Earlier this year, the county planning board recommended maintaining a grade of "F" for the intersection — meaning that it fails during peak hours — based on traffic measurements by the county's Department of Public Works.
For about a decade, the intersection had been labeled failing, a mark that prohibits additional development nearby until a passing grade is achieved. In late March, though, DPW conducted a new traffic count that bumped the intersection up to a "D." The change puzzled some residents, especially because the test was conducted on a day when some private schools in the neighborhood were not in session or dismissed students early.
The scrutiny is not surprising, given some residents' long-standing concern about potential development at Green Spring Station, said DPW Director Ed Adams. Before this year, the intersection last was tested in May 2012, he said.

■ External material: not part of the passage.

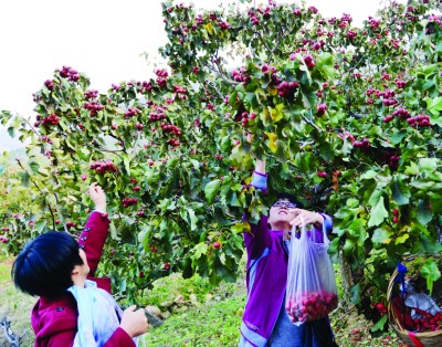 昨日,市民在連云港市開發(fā)區(qū)朝陽生態(tài)園釆摘山楂。初冬時節(jié),朝陽街道層林盡染,到處是一片五彩繽紛的美麗景色,正是市民旅游觀光的好去處。 張兆新 劉加 攝影報道
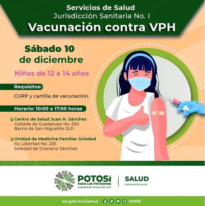Este sábado 10 de diciembre se vacunará en la Capital y el municipios de Soledad de Graciano Sánchez a niñas de 12 a 14 años contra el Virus del Papiloma Humano (VPH) en un horario de 10 de la mañana a cinco de la tarde y es indispensable acudir en compañía de una persona adulta, llevar CURP y cartilla de vacunación, indicó la jefa del Departamento de Vacunología de los Servicios de Salud en el Estado, Esmeralda Vanegas Santana.

It was tested again March 28, after workers had to cancel a March 27 measuring session because of an accident.
"This was part of being diligent, especially around an intersection that gets a lot of attention," Adams said "No matter what [grade] would have come in, people would've been looking at these numbers, more so than any other intersection I've got out there."
Executives with Foxleigh Enterprises, an owner of Green Spring Station, say they have no immediate plans to develop additional space. They say the grading of the intersections near their site has been politically charged for years. The company commissioned its own traffic study in April, and the intersection received a "C" in the morning peak hours and "D" in the evening, said Herb Fredeking, a Foxleigh principal.
A passing grade from the county "doesn't mean that we can immediately turn and develop and build something," Fredeking said. "It removes one hurdle, but it doesn't make anything automatic."
The firm also butted heads with Almond during the county's zoning review last year, when she made a decision that stopped plans for new retail space and renovations.
Several people, including planning board member Paul Miller, who lives in the area, testified at a council meeting last week in favor of keeping the grade an "F."
Miller questioned the timing of the Public Works Departments' most recent test of the intersection. The results were submitted to the County Council on April 1 — the day after Easter and the same day as the council's public hearing on the maps, he said.
"How would most people have known that a change in the maps had been introduced?" Miller asked.
The council is expected to vote on the updated maps at its legislative session Monday evening in Towson.